Das fragt sich vielleicht so mancher. So leicht ist das leider nicht, aber dennoch haben die gewählten Kommunalpolitiker großen Einfluss darauf, ob und wie der Bund und das Land Planungen in ihrer Kommune umsetzen. Daher hat die BI StoppT A445 alle in den Kommunalparlamenten in Werl und Hamm vertretenen Parteien gefragt, wie sie sich zur geplanten A445 positionieren. Die Antworten auf die fünf von uns gestellten Fragen geben den Wählern wichtige Anhaltspunkte für die Wahl am kommenden Sonntag.

Vorab ein großes DANKESCHÖN an alle Parteienvertreter aus Hamm und Werl, die uns zum Teil sehr ausführlich teilweise auch sehr einsilbig geantwortet haben; einige haben leider nicht geantwortet, auch nicht nach erneuter Erinnerung.

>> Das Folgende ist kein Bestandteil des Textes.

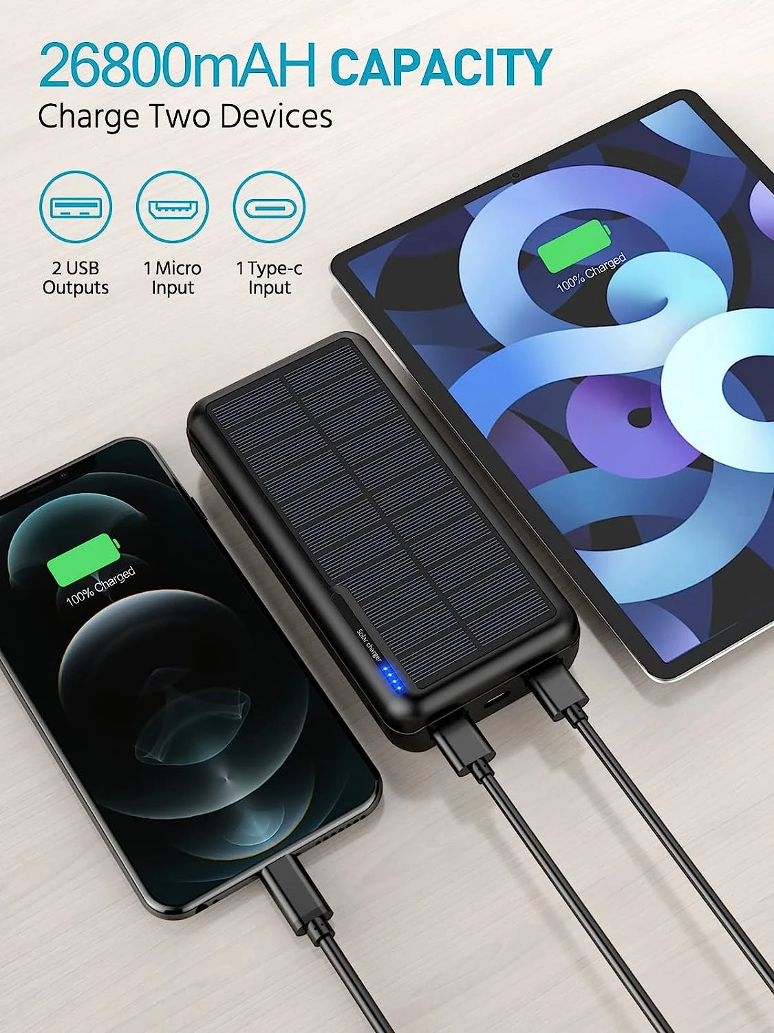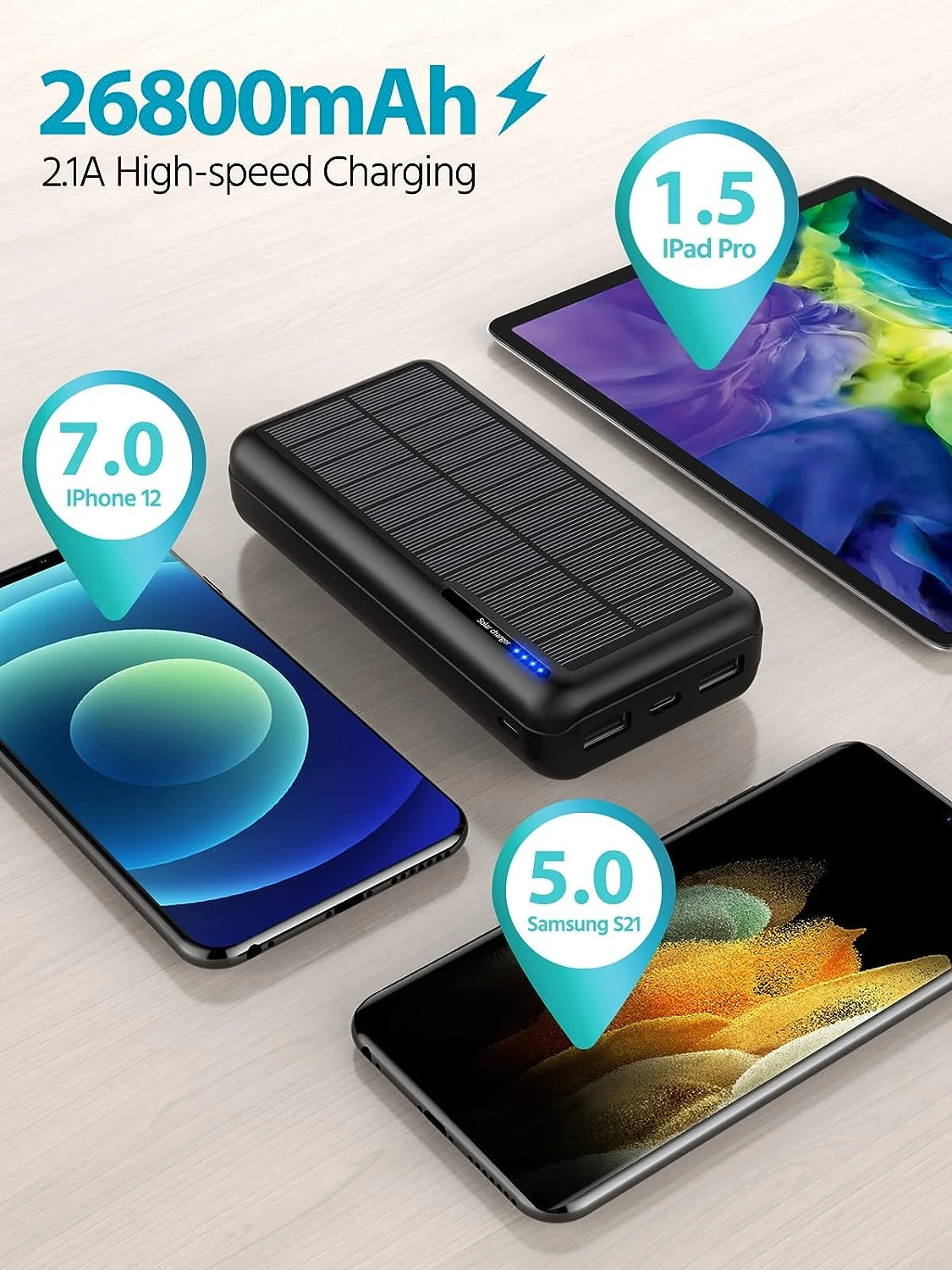 Batterie portable 26800mAh Solaire

Um die Spannung vorwegzunehmen: Nur die Grünen und Die Linke lehnen die A445-Planung kategorisch ab, alle anderen Parteien (die reagiert haben, also CDU, SPD und FDP), befürworten bzw. arrangieren sich mit dem Bau der 8 Km langen, bis zu 50 Meter breiten und bis zu 10 Meter hohen Schneise. Doch lesen Sie selbst:

Welche Fragen wurden gestellt?

  1. Welche Maßnahmen zur schnellen Entlastung von Hilbeck werden gesehen?
  2. Wird der Neubau der A445 von Werl-Nord nach Hamm-Rhynern überhaupt unterstützt?
  3. Wird die aktuell geplante Trasse, die im Abstand von 100 Metern östlich von Hilbeck verläuft (durch Dammlage plus Lärmschutzwand z.T. mehr als 10 Meter hoch) unterstützt?
  4. Wie wird der Naturschutzkonflikt im Falle des Baus der A445 eingeschätzt?
  5. Haben Corona-Krise und Klima-Krise die Einstellung zu der geplanten Autobahn verändert?
Die Werler CDU antwortete leider nur sehr knapp mit dem Hinweis, „die Position der CDU [sei der BI] bekannt“. Eine Nachfrage, ob denn die CDU eine Klage der Stadt gegen den Trassenverlauf dicht an Hilbeck unterstützen wird, blieb leider unbeantwortet. Zur Info: die Stadt Werl hat im Zuge des Planfeststellungsverfahrens einen Trassenverlauf vorgeschlagen, der dichter an Sönnern vorbeiführen soll. Die Einwendung der Stadt bleibt allerdings „zahnlos“, wenn er nicht gerichtlich eingefordert wird. Smiley rot
Die Werler SPD gab lediglich den Hinweis, an der A445-Planung festhalten zu wollen und verwies auf (erfolglose) Aktivitäten aus der Vergangenheit, z.B. habe man sich bei SPD-Landesverkehrsministern für Flüsterasphalt auf der A445 eingesetzt und Durchfahrtbeschränkungen gefordert. Weiter schreibt die SPD, „Umweltbelange dürften nicht vernachlässigt“ werden, was das konkret bedeutet, blieb leider offen. Smiley rot

Deutlich ausführlicher und im Detail auf unsere Fragen eingehend, antworteten die Werler FDP und Bündnis 90/Die Grünen.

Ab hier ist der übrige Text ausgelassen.